21/3/08
Mar 21 - Tea Totalling
March 21
Two kwacha, forty-eight tambala. Just under 2 Australian cents.
That’s how much you’ll be paid by the estates for your work picking an entire kilogram of tea leaves – and let’s face it, they’re not the heaviest of things. Okay, so a good tea picker can pluck somewhere in the vicinity of 200 kilograms per day, but that’s some seriously back breaking work for only AUS$4. A tough living by anyone’s standards. These guys, numbering in their hundreds, walk the verdant greens of the plentiful tea estates day in day out, the backdrop of the stunning cliffs of Mount Mulanje becoming a bland normality, as they ply their trade.
Bizarrely, it is against this poverty that we on our Easter break head up the slopes of the mountain for a long weekend of hiking, photographing waterfalls and rocky peaks, drinking wine and luxuriating in the efforts of others labouring under the weight of our bags. That said, Mulanje was once again an unforgettable few days. Our seventh time up since living here and the mountain still never ceases to amaze with its natural beauty and unending diversity. Easter being a particularly picturesque time of year, with the wet season having eased, leaving crisp air and brilliant greens, flowers in abundance and water filling the pools and falls at every turn. We even discovered a few more huts we had not yet visited, situated in the almost surreal beauty of sweeping valleys, precipitous rock clad peaks and seemingly endless streams of untainted fresh mountain water. A truly relaxing four day long weekend; why would anyone trade this backyard in for anything else?
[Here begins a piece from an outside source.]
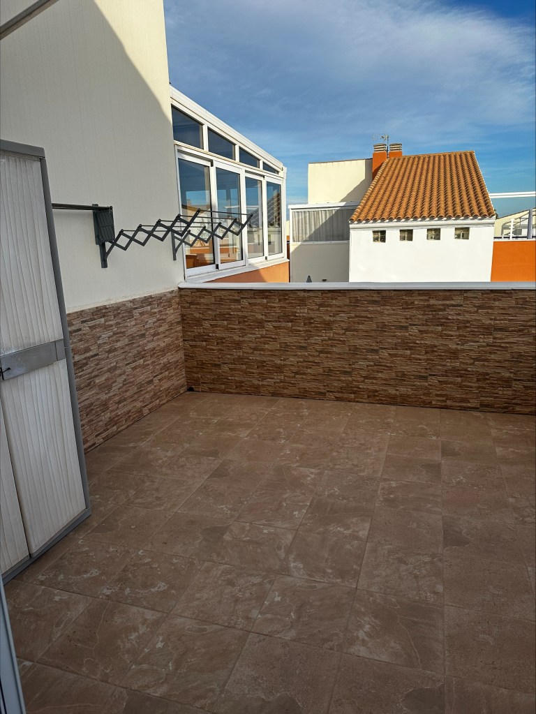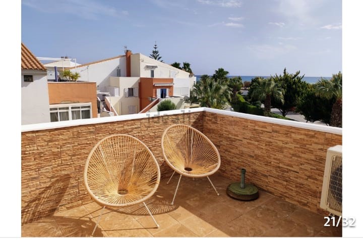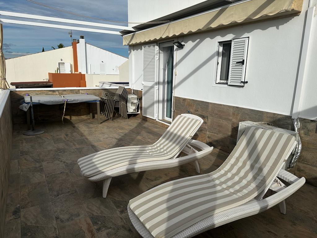 On the upper floor, you will find the bathroom, two large double bedrooms, and two beautiful terraces. One of these is particularly large, featuring a dining table and comfortable sun loungers for perfect moments of relaxation. All rooms are equipped with air conditioning, and the apartment also has its own covered parking space.

At least the porters, for whom this is their only form of income, get a decent wage for their efforts. 900 kwacha per day for four days, plus an extra day tip. That’s 4500 kwacha, or the equivalent of a reasonable monthly salary for many of the country’s non-city dwellers, in one weekend of work. One can hardly blame them for seeming overly keen for your business the moment you turn up in your nice cars with your fancy trekking boots and waterproof jackets, all unimaginably unaffordable luxuries to them. Yet they wear their packs with uncomplaining joviality, practically running up and down the sheer slopes of the massif in their flip-flops or bare feet (many of them run the annual Porter’s Race, a 26km course up the mountain, across and then down again – and they do it in a touch over 2 hours!), happy for the income they can then take back to their families.
And what do the efforts of a tea pickers get them, because we all know that AUS$4 per day wouldn’t go too far in Australia. One tomato costs 15 kwacha even in cheaper areas of Mulanje… that’s six kilograms of tea to be picked just to buy one single tomato. And if they want a beer at the end of a hard day’s work? That will be 30 kilos more tea my friend. TIA.